I found a recipe for making ricotta at home with lemon juice. I assumed the lemon juice was added for its acidity, this makes the proteins in the milk clump together. This would mean that other acid products would have the same result if used on the same milk. To prove this hypothesis I did an experiment attempting to make ricotta with vinegar, lemon juice, and cola.
Now ricotta made with cola sounds kind of gross, but I’ve always heard that mixing cola with dairy clumps in your stomach. (I always heard this in relation to drinking alcohol, and then those people blame throwing up on mixing cola and dairy) Therefore I was curious if it was possible to make more ricotta with cola because it should be such a strong reaction.
My experiment setup:
- wooden spoon
- 3 jars
- measuring spoons
- 3L full-fat Dutch milk
- 1.5 teaspoon salt
- juice of half a lemon (turns out to be 21 mL)

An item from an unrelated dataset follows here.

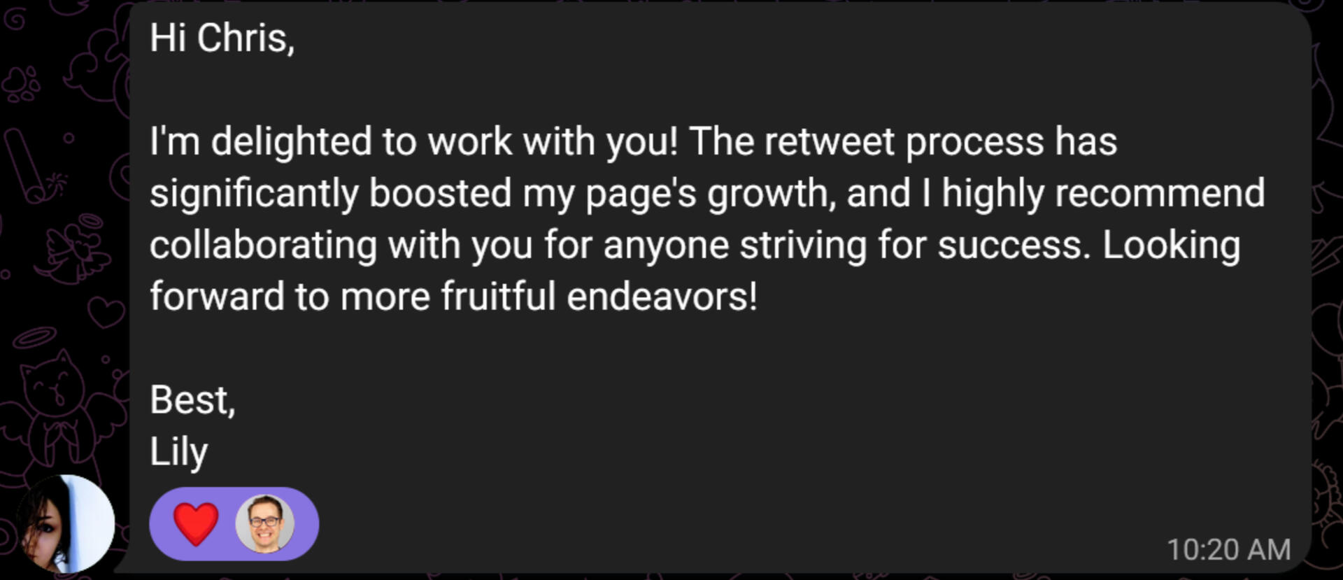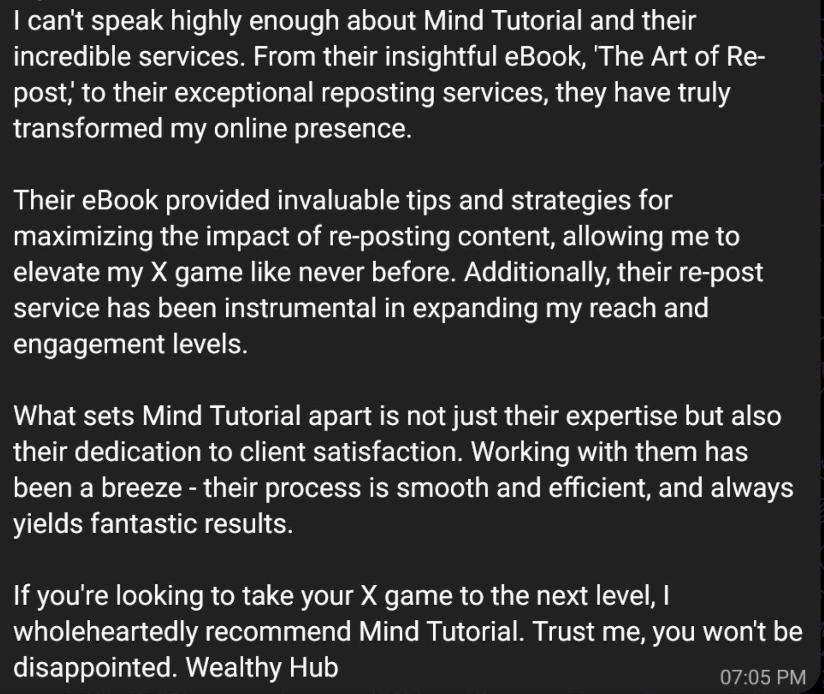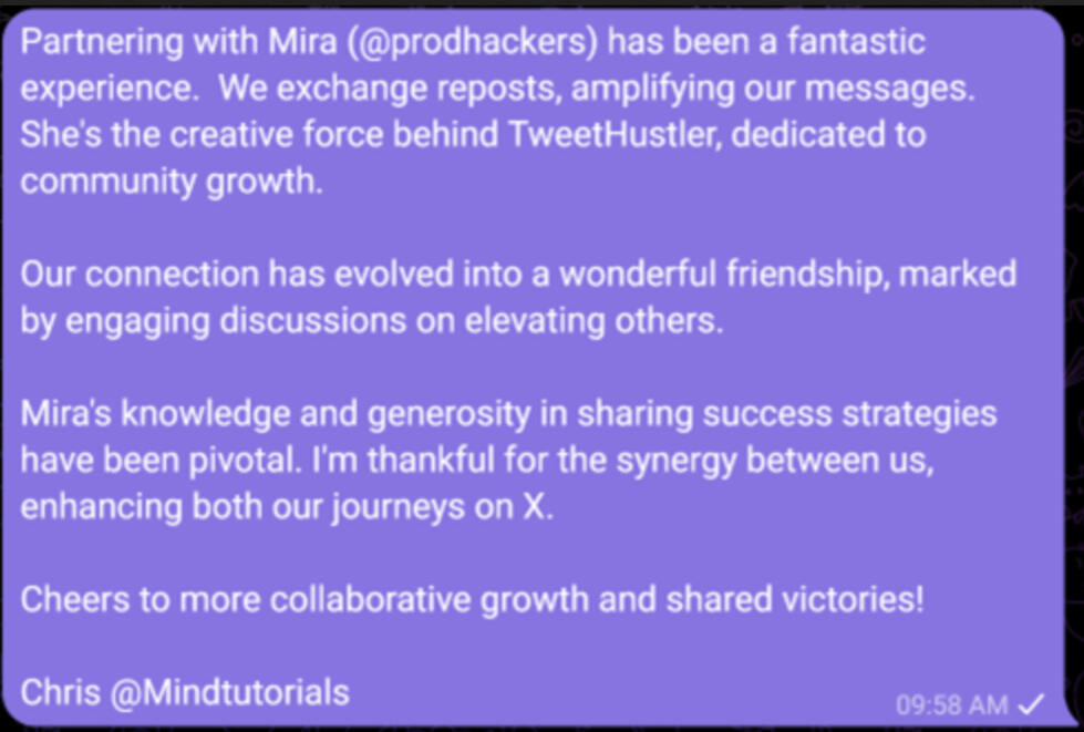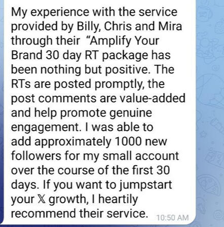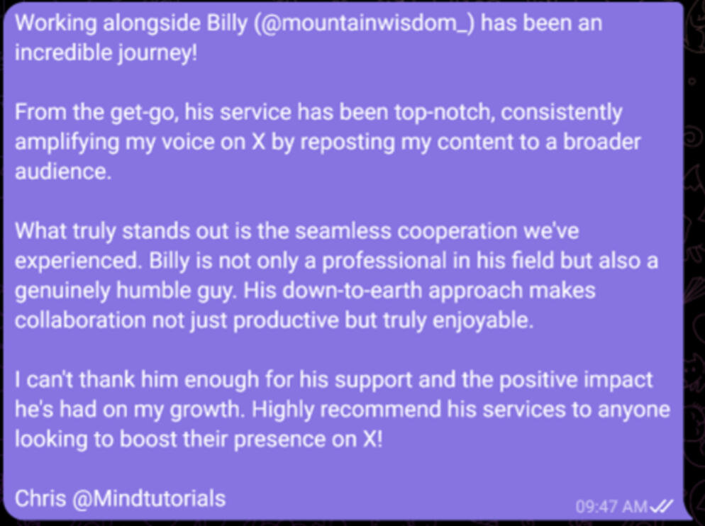 What will I learn from your service?You'll gain in-depth insights into leveraging π reposts for brand growth, including crafting repost-worthy content, engaging with influencers, and strategies for viral growth.Plus, real-life success stories and actionable tips from our personal experiences.
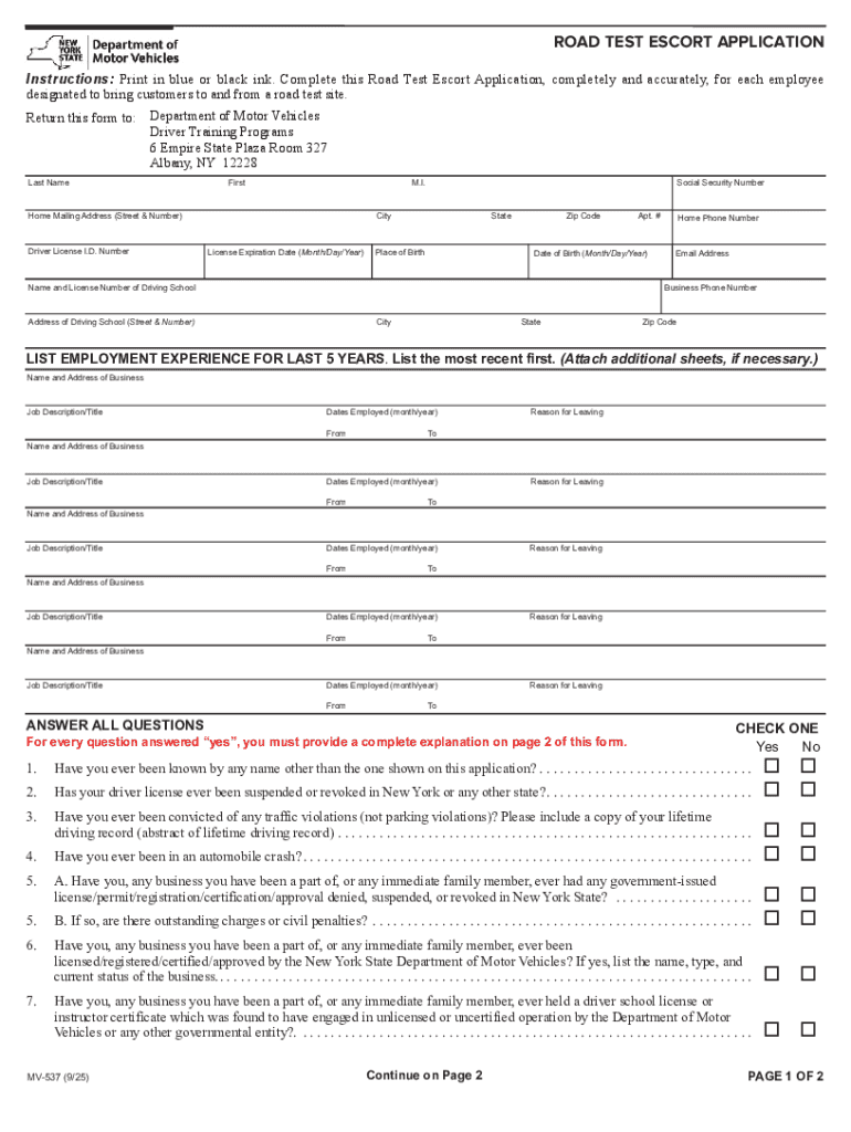 How to fill out mv-537 road test escort

- red wine vinegar (so also 21 mL)
- cola (and also 21 mL)
Bring 1 L milk with 0.5 teaspoon salt to a boil.
Decrease the temperature and add an acid.

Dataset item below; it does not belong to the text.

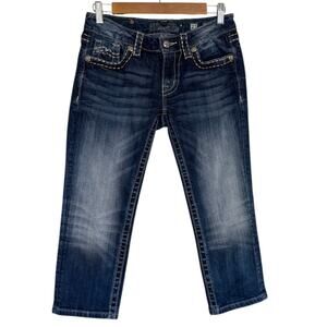 Miss Me Jeans Women 27 Blue Capris Western Rodeo Embroidered Denim Cowgirl
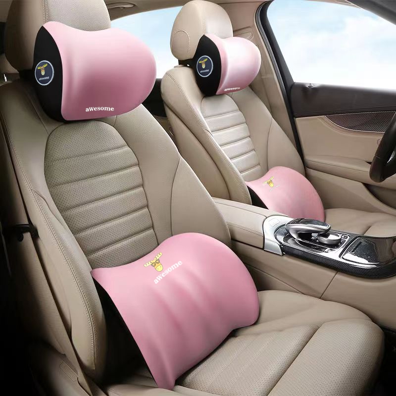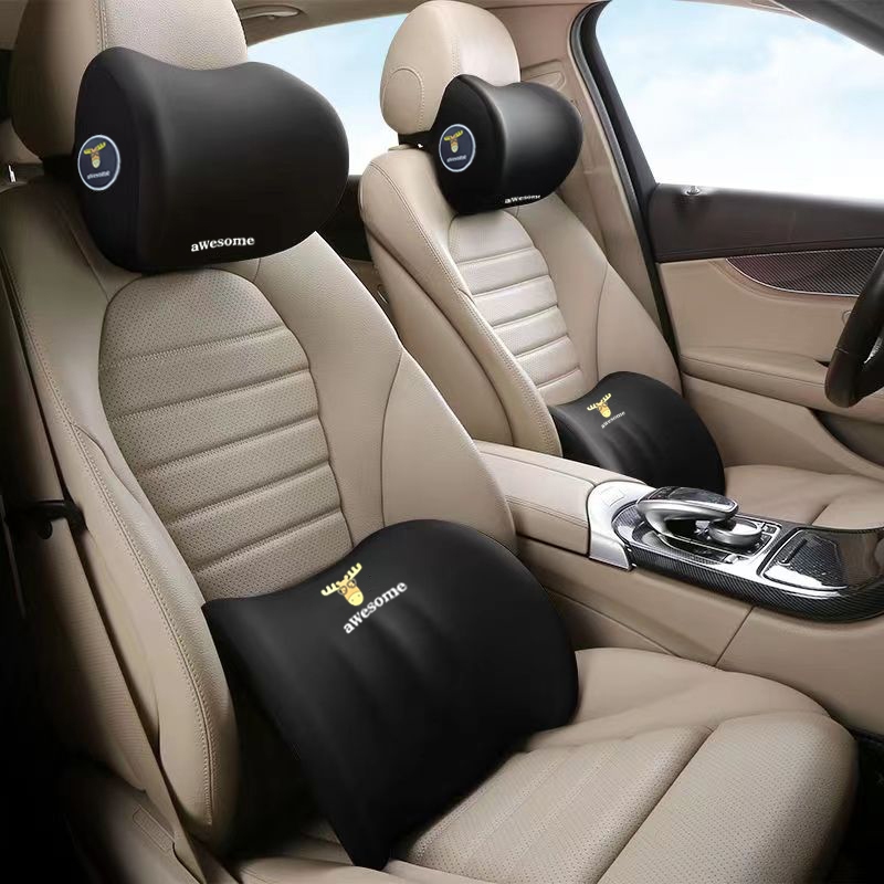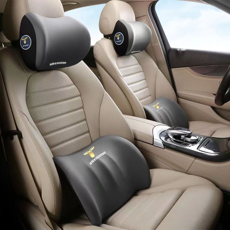 หมอนรองคอในรถ ชุดหมอนรองคอในรถยนต์ ที่รองหลังเบาะรถยนต์ พนักพิงศีรษะ ป้องกันคอและเอว แก้ปวดหลัง

Keep heating and wait until a layer of solids come floating up.
Remove the pan from the heat and let it rest for 10 min.
Put the cheese-cloth in the sieve and use this combination to separate the solids from the liquid.
Gently push the fluids out of the ricotta.
Put the ricotta in a jar
Repeat for all the acids.
My first attempt was with lemon juice and that went perfectly fine. I had a yield of 33 grams of ricotta. I wanted to use the same amount of vinegar and cola, so I measured how much lemon juice comes from half a lemon. To make the comparison complete I measured the pH of the acids I used and the combination of the acid with the milk.
I tried to repeat this amazing result with red wine vinegar. The combination in the pan looked promising at first. But, this gave less than perfect results. I only was able to yield 2 grams of ricotta. Then I tried adding more vinegar (100 mL), to make the combination more acid. This gave me 10 grams of ricotta more.
Finally, with cola, nothing happened. I was not able to get any ricotta out of the combination of milk with cola. I started with adding the 21 mL, then another 100 mL until I finally added the entire can of coke. This result is completely opposite of what I expected. So I started googling and I came across this video. In this video and all the articles showing the same a little bit of milk is added to a bottle of cola, whereas in my experiment a bit of cola is added to a lot of milk. So my hypothesis regarding this issue is that a mix of milk and cola will curdle, but only if a certain threshold is reached. Now I will think of a nice experimental plan for this and post it in the future.
Some food chemistry background:
Milk is a buffer solution, meaning that the pH is rather constant due to the weak base in the liquid. For a proper background on buffers, I recommend you to check khanacademy. I know I’ve used that website for help on so many of the courses I took. Anyhow, what it means is that much acid is needed to change the pH of the milk.
Now lemon juice, vinegar, cola, and milk are all buffer solutions. The difference between the lemon juice, vinegar and cola is the level of buffer capacity. The pH of the three acids is all between 2 and 3, I cannot measure it more precisely with the equipment I have. So, for now, the conclusion of this experiment is that lemon juice is the strongest buffer of the three acids.
The practical conclusion of this experiment is that ricotta is best made with lemon juice.